Learn What Reverse Mortgages Are and How to Get One

Types of Reverse Mortgages

You have three options for reverse mortgages depending on your scenario.

 
  • Home Equity Conversion Mortgage (HECM): Insured by the Federal Housing Administration and only available through FHA-approved reverse mortgage providers. These loans can be used for any purpose.
  • Proprietary reverse mortgage: This is a less popular sort of reverse mortgage for homeowners whose homes are worth more than the FHA’s ceiling, which is $765,600 in 2020. A jumbo reverse mortgage is another term for a large reverse mortgage.
  • Single-purpose reverse mortgage: This is a less popular sort of reverse mortgage for low- to moderate-income seniors who need money for home repairs, enhancements, or property taxes. These loans, unlike HECMs, can only be utilized for the reason indicated by the lender.

If you pick a HECM, you will have six payment alternatives to consider:

  • One-time, lump-sum payment: This is only available for fixed-rate loans.
  • Line of Credit: Unscheduled payments in the amount of your choice are possible with a line of credit.
  • Tenure: Fixed monthly payments for the duration of your residence.
  • Term: A set number of years with fixed monthly payments.
  • Modified Tenure: A lesser line of credit with smaller fixed monthly payments for the duration of your residence.
  • Modified Term: A smaller line of credit with lower fixed monthly payments for a set period of time.

If you pick a proprietary reverse mortgage, the lender will determine how you get the funds. Similarly, the nonprofit or government body that offers a single-purpose reverse mortgage will determine the disbursement schedule.
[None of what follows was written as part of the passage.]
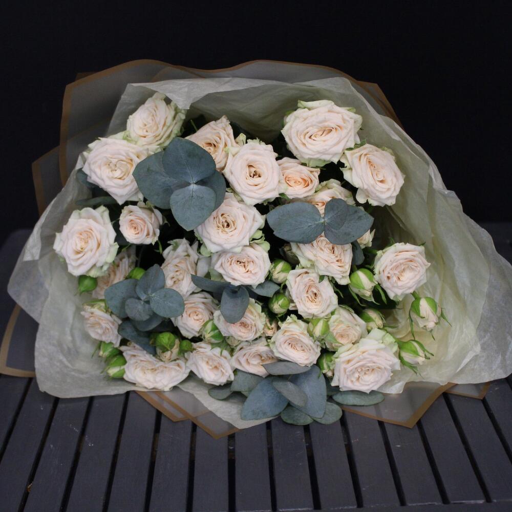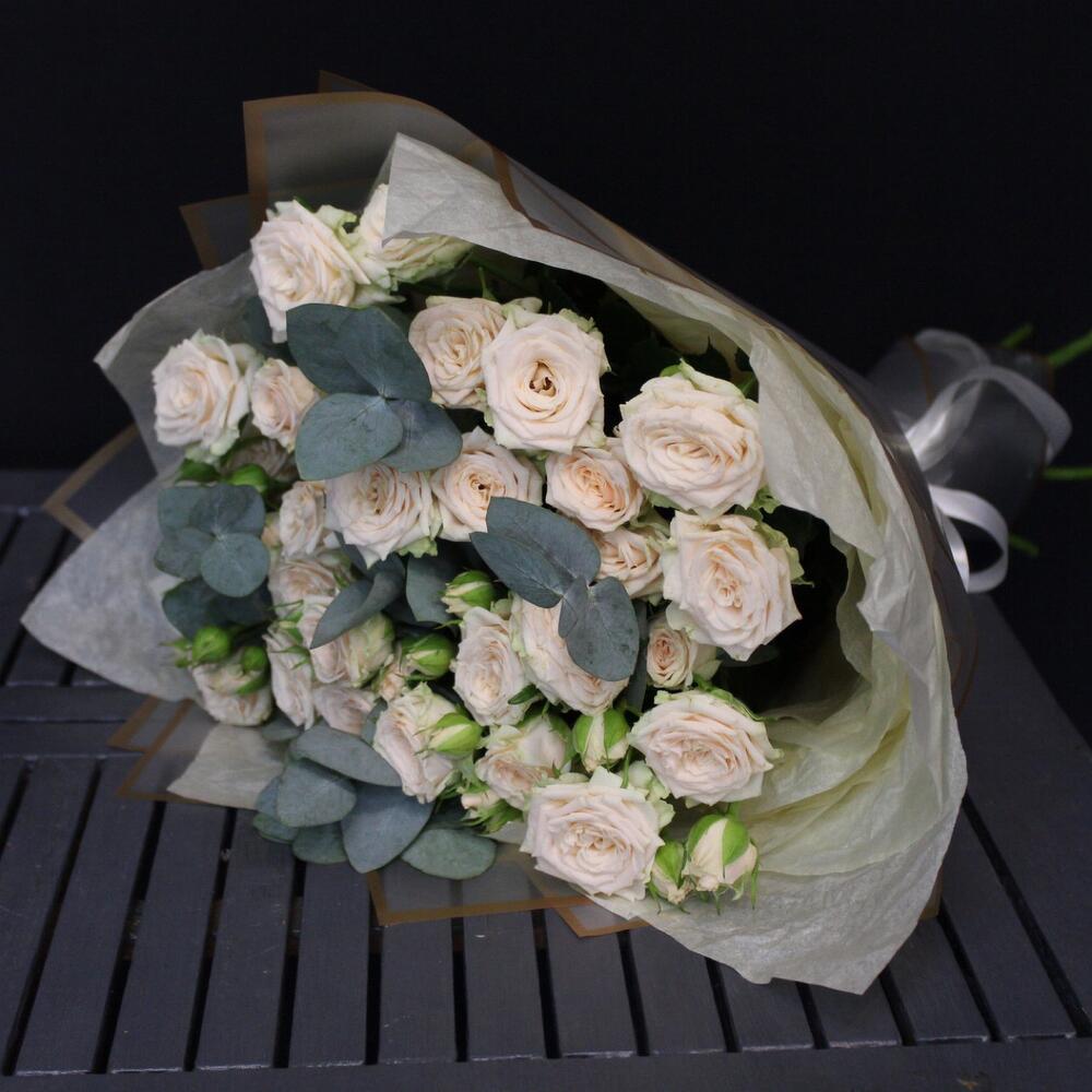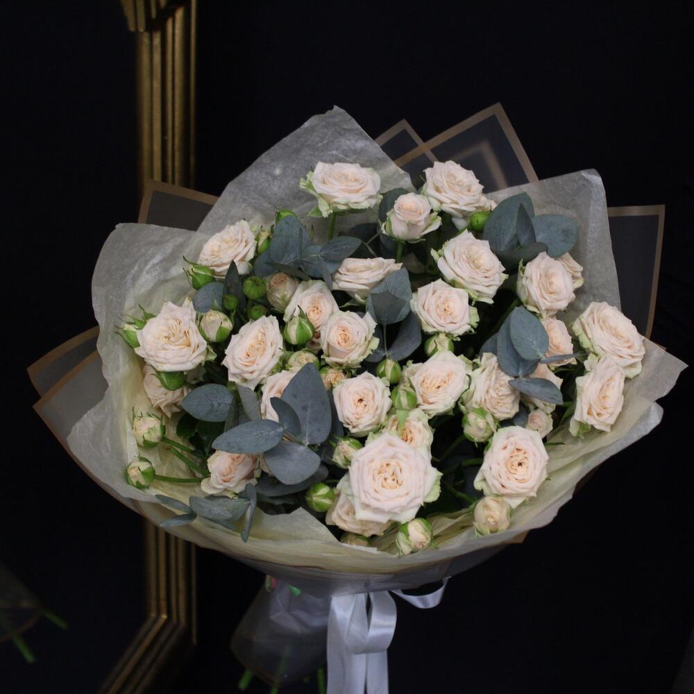 Эвкалипт – 3 шт.Лента атласная – 2 шт.Тишью – 3 шт.Пленка матовая – 3 шт.роза кустовая таня – 7 шт.

Tip: Although most borrowers pick an adjustable-rate reverse mortgage, your housing consultant can assist you in determining which choice is appropriate for your specific situation.

How Reverse Mortgages Work

The initial principal limit of a reverse mortgage allows you to access a portion of your home equity. Four factors determine this limit:

 
  • Your age is: Lenders consider the youngest borrower’s or eligible non-borrowing spouse’s age. Because of their higher life expectancy, younger borrowers receive less money.
  • Current interest rates: Higher interest rates diminish one’s ability to borrow.
  • Your house’s worth: The amount you can borrow is determined in part by the lesser of the appraised value of your home, the FHA maximum, or the sales price. The FHA limit in 2020 is $765,600, and the sales price is only considered if you use a HECM to acquire.
  • How much you owe on your current mortgage (if applicable): You won’t be able to get a reverse mortgage if you don’t own your property outright or have at least 50% equity in it.

Your loan balance will increase over time as you make payments. Interest is accrued on the money you receive, and interest is also accrued on the interest.